--- MATERIAL SUPPLIED ---
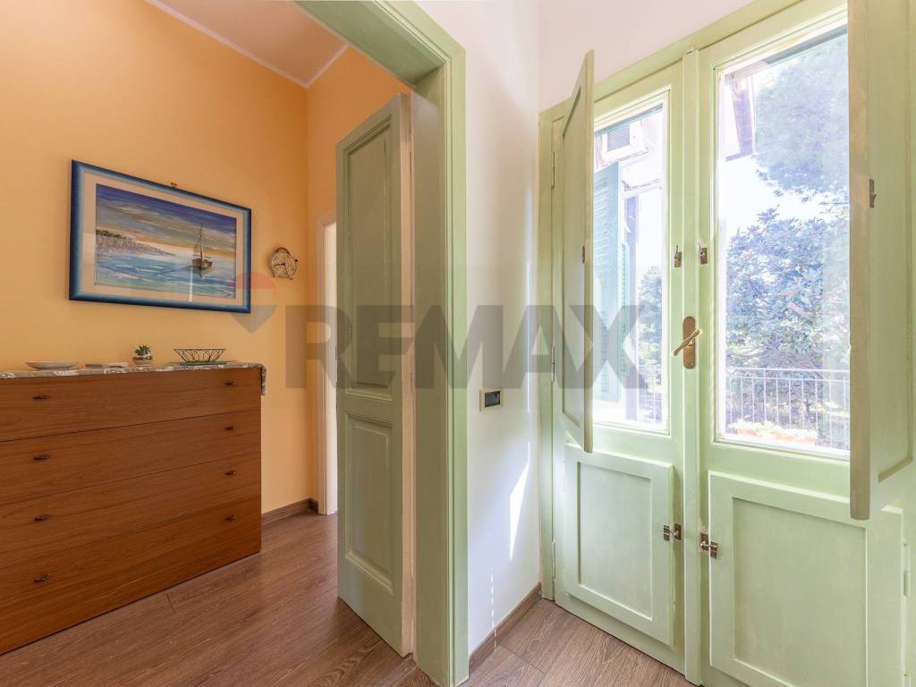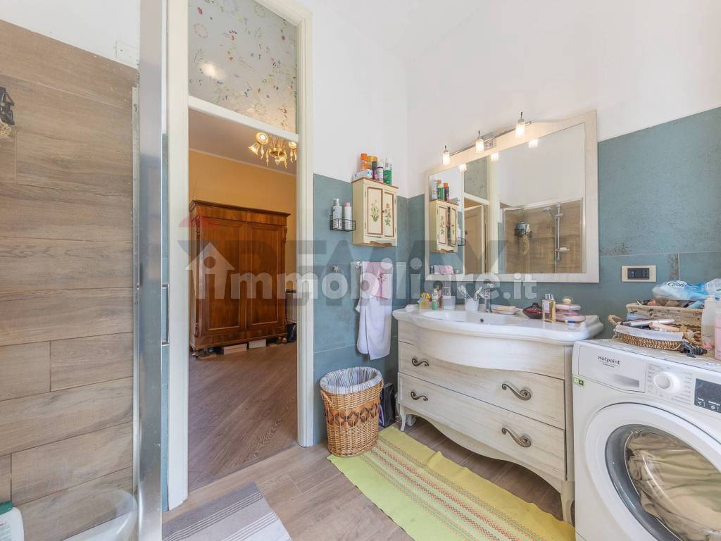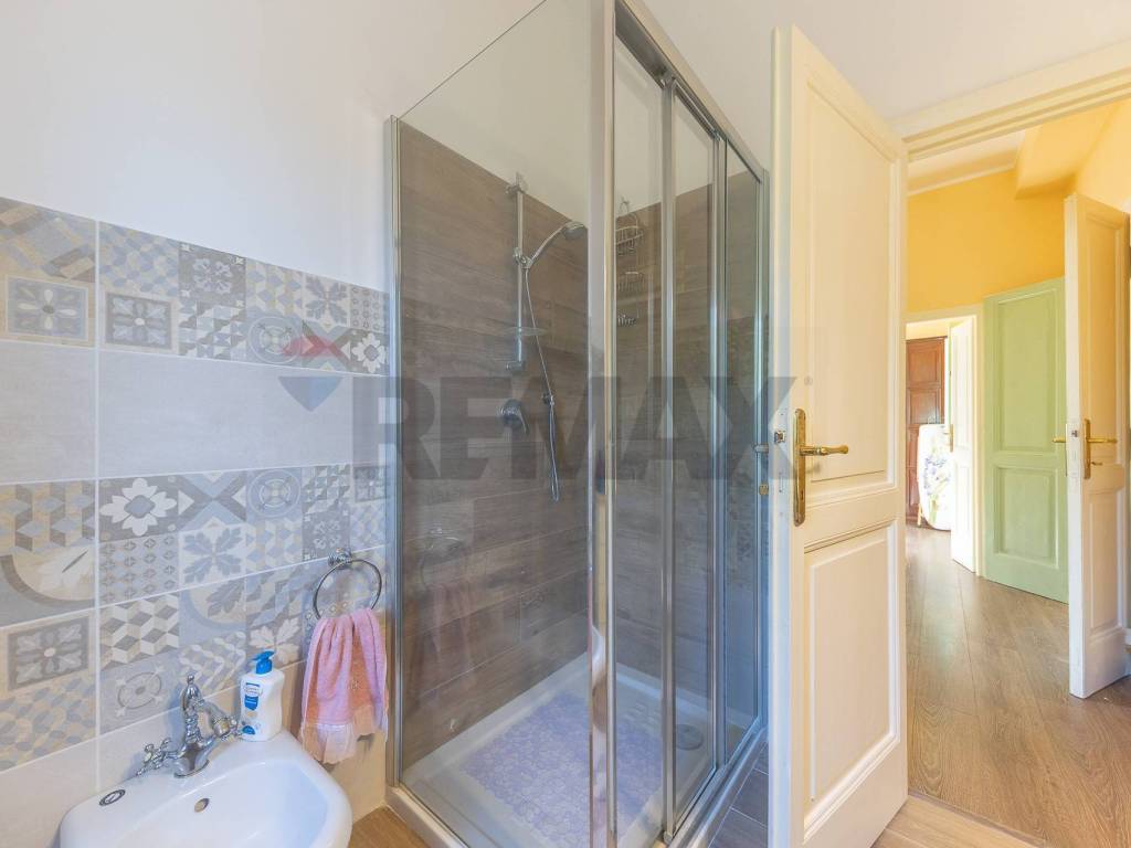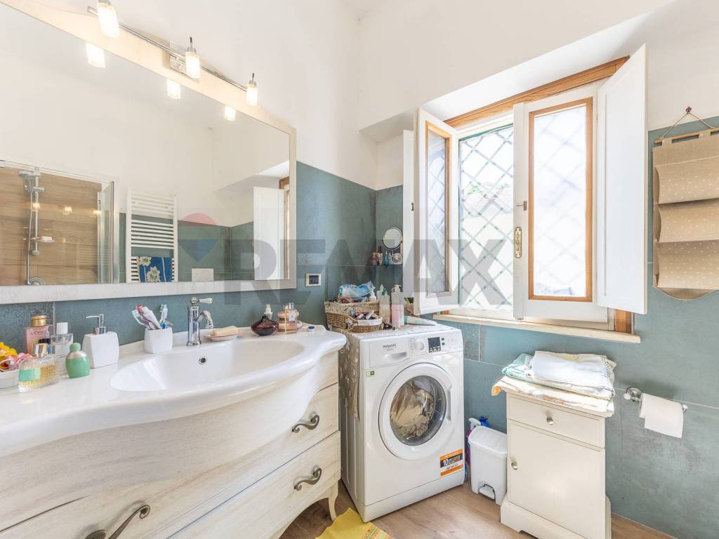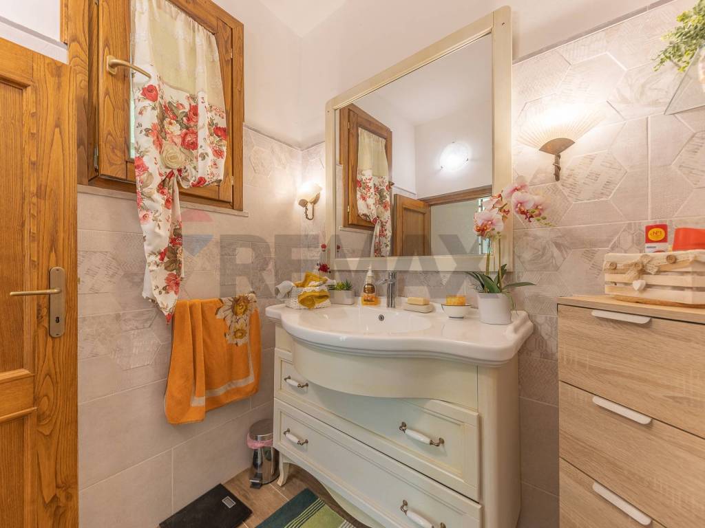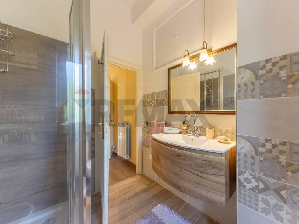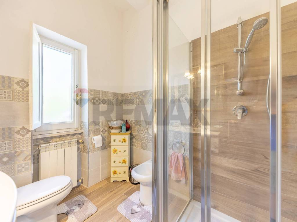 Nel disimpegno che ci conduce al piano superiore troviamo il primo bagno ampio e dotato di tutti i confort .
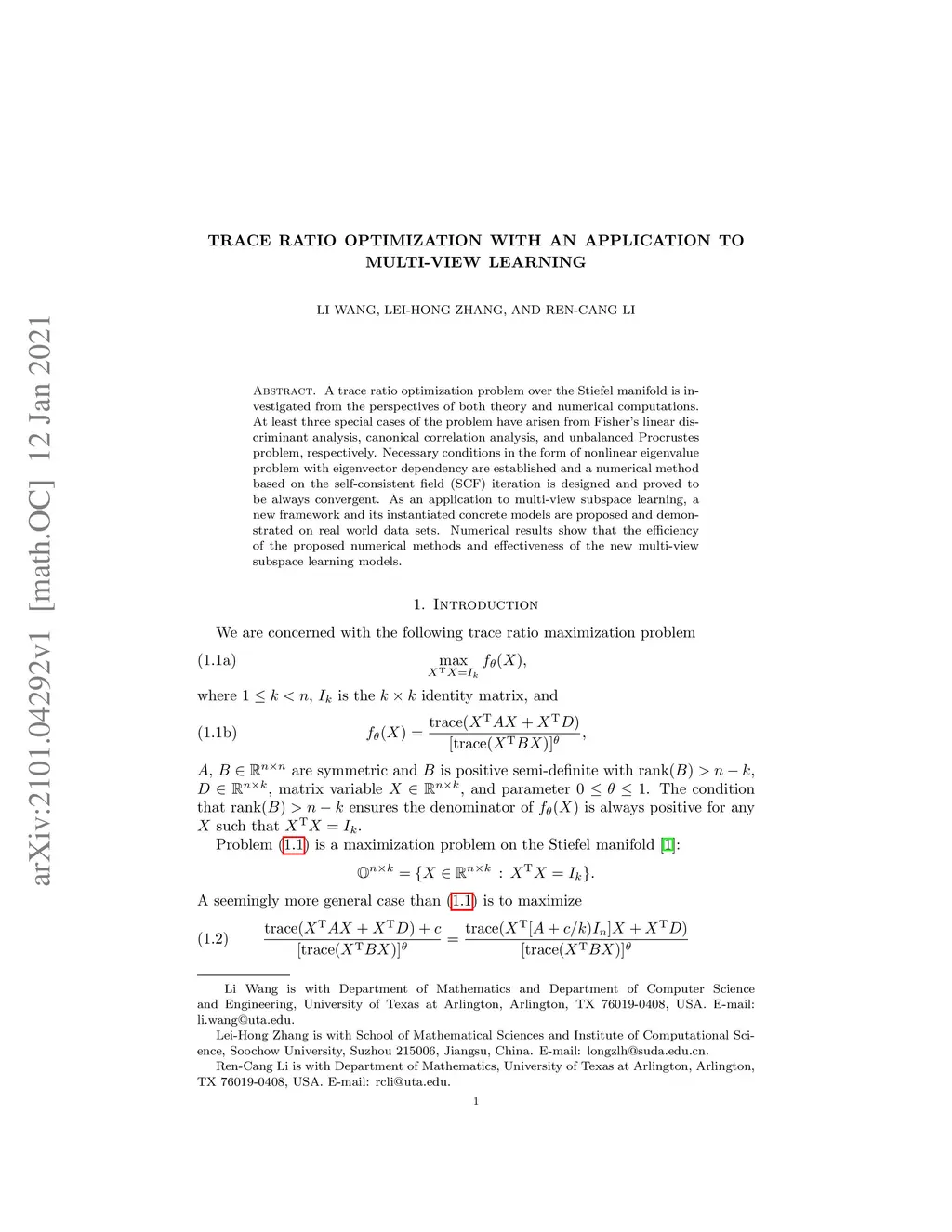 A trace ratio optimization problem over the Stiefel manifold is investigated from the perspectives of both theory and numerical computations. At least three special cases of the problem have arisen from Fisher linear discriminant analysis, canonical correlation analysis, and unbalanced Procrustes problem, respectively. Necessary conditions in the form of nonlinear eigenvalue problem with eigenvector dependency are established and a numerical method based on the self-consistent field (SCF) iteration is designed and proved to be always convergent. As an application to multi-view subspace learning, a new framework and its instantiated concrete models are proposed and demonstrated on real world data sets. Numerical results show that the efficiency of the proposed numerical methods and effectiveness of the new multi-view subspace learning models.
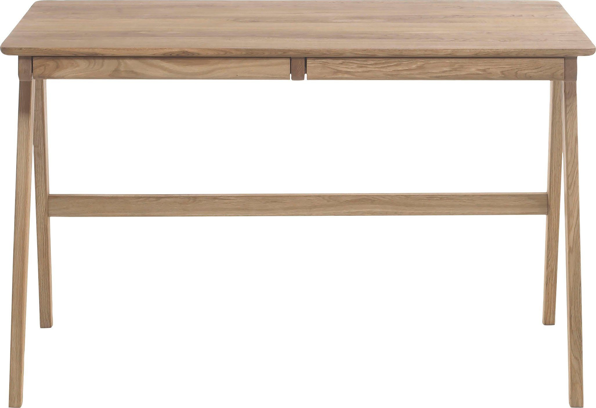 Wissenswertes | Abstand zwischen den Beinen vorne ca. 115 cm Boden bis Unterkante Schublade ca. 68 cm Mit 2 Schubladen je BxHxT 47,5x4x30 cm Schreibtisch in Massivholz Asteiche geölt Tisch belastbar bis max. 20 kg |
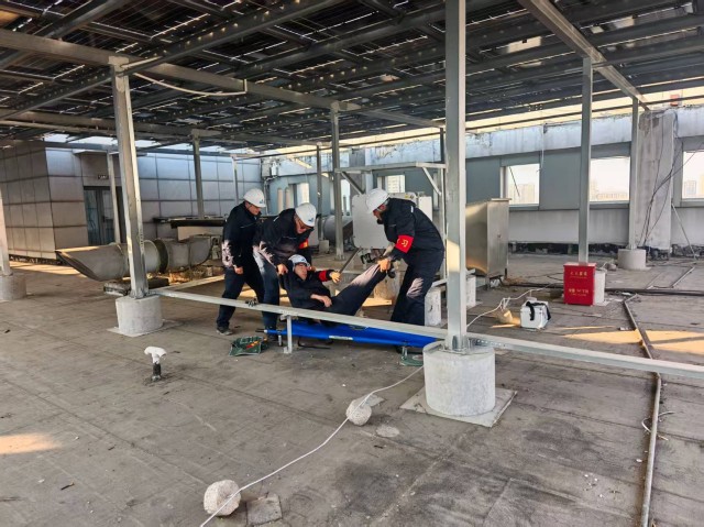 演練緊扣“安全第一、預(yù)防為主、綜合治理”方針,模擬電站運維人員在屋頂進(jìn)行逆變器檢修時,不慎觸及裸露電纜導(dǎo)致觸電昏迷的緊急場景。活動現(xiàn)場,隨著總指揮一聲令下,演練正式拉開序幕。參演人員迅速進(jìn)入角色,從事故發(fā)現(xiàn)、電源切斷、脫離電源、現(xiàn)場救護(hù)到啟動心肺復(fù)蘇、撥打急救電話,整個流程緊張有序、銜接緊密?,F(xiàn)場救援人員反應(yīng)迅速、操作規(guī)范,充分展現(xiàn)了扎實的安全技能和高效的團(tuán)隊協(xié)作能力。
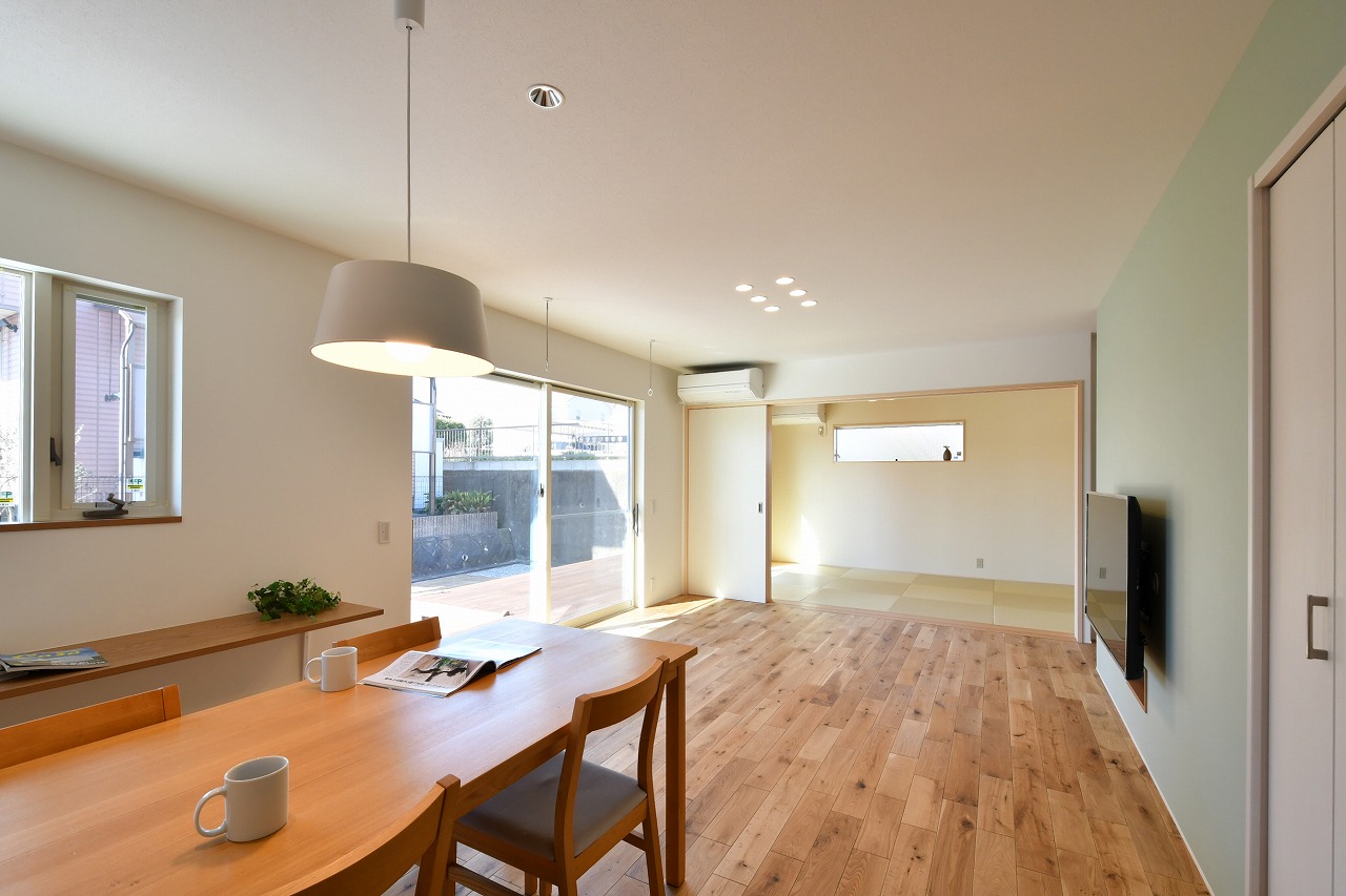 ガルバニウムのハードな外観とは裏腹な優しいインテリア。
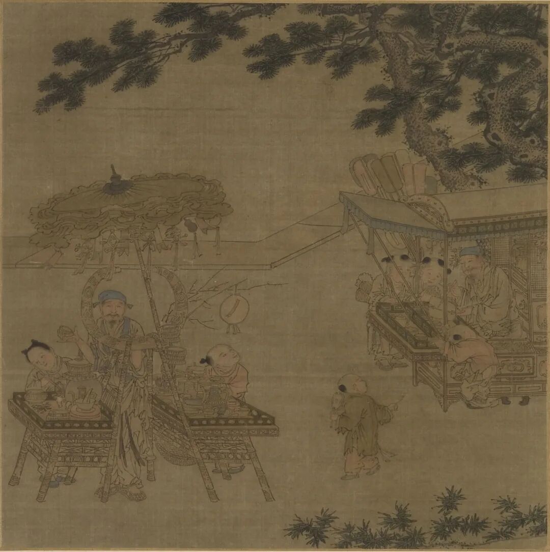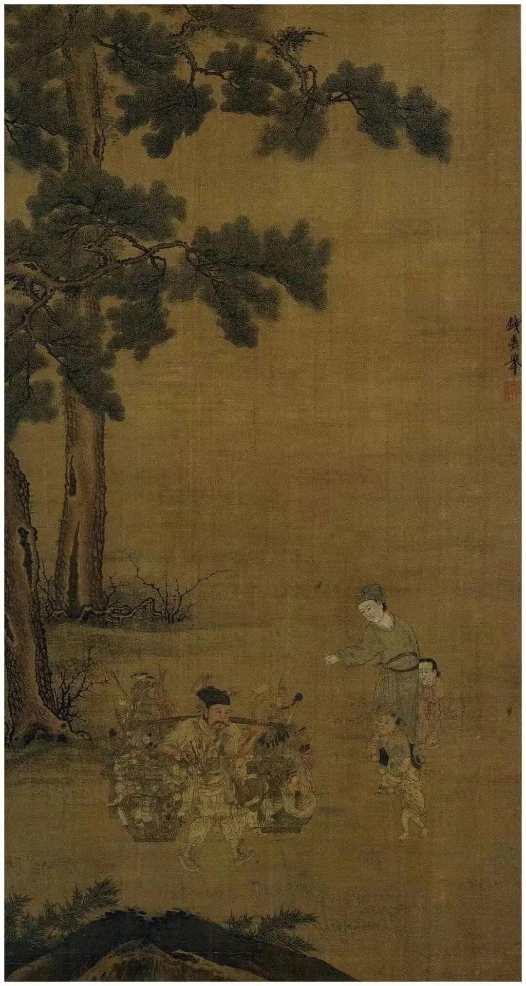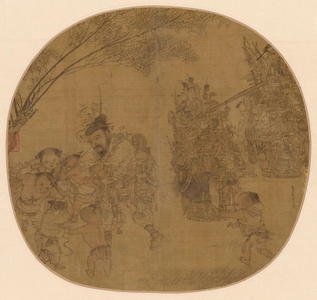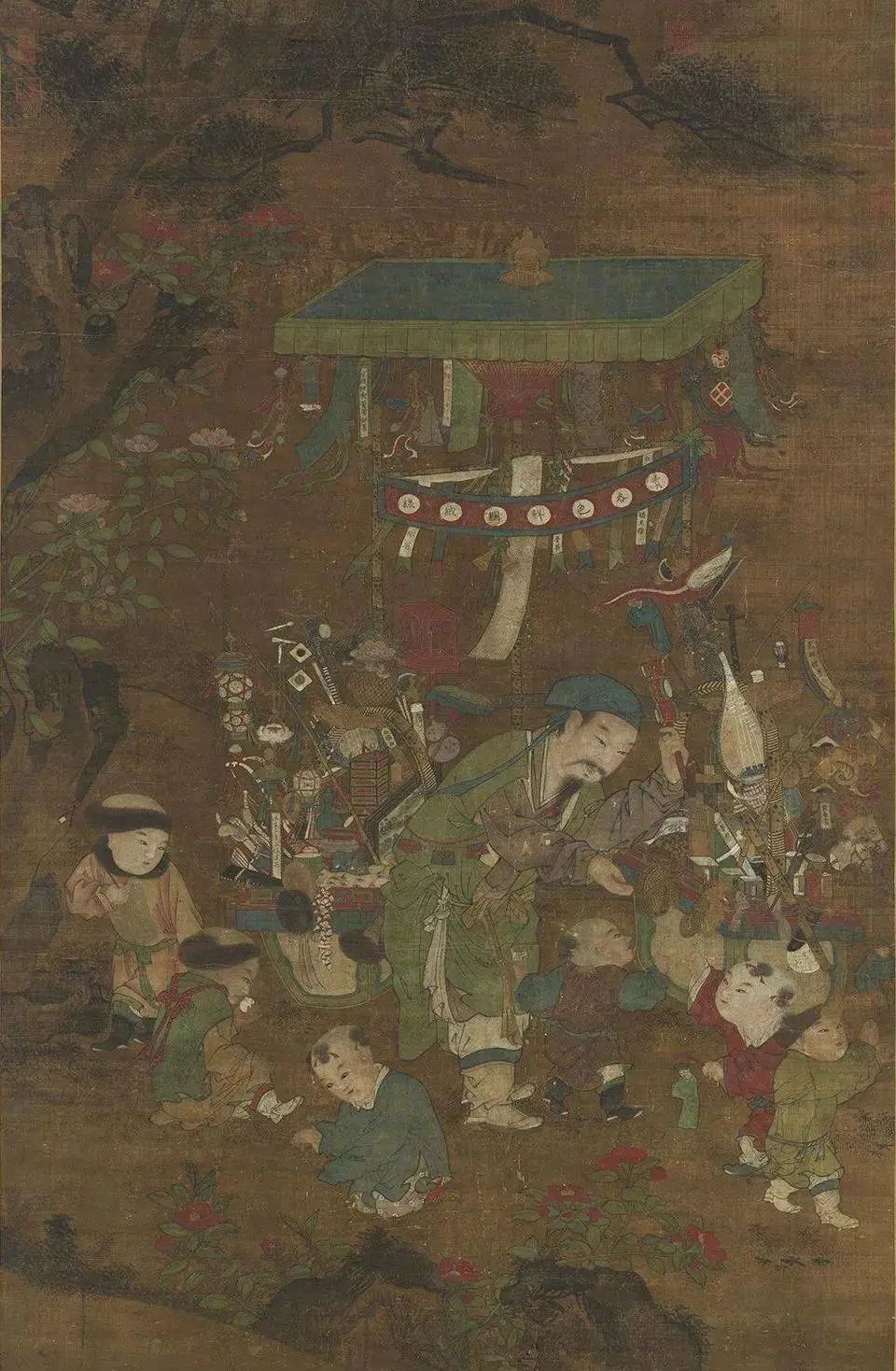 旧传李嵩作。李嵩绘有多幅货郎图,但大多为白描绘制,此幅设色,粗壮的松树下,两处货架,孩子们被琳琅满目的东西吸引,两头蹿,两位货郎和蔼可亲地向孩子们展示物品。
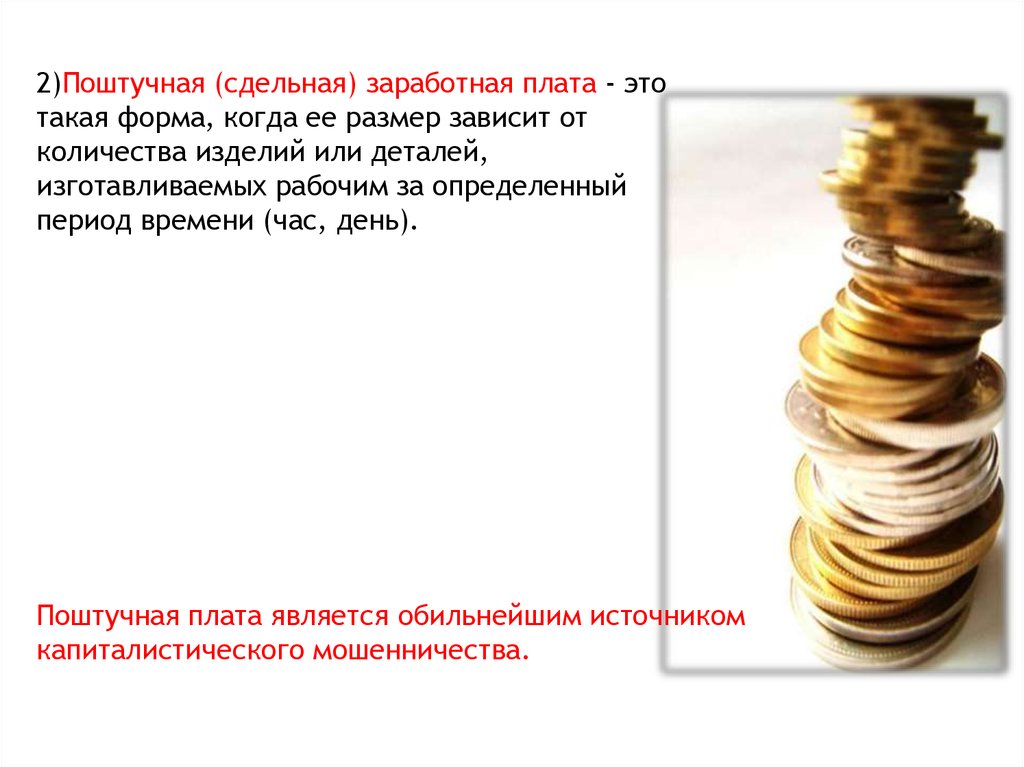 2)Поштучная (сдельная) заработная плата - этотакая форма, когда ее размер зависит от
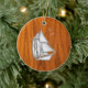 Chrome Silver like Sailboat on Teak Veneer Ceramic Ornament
---
TASK GOAL.
Exactly the lines from the one with "旧传李嵩作。李嵩绘有多幅货郎" through the end of the records are to be repeated, both ends included, and pictures are to be omitted.

RESPONSE TO THE TASK.
 旧传李嵩作。李嵩绘有多幅货郎图,但大多为白描绘制,此幅设色,粗壮的松树下,两处货架,孩子们被琳琅满目的东西吸引,两头蹿,两位货郎和蔼可亲地向孩子们展示物品。
 2)Поштучная (сдельная) заработная плата - этотакая форма, когда ее размер зависит от
 Chrome Silver like Sailboat on Teak Veneer Ceramic Ornament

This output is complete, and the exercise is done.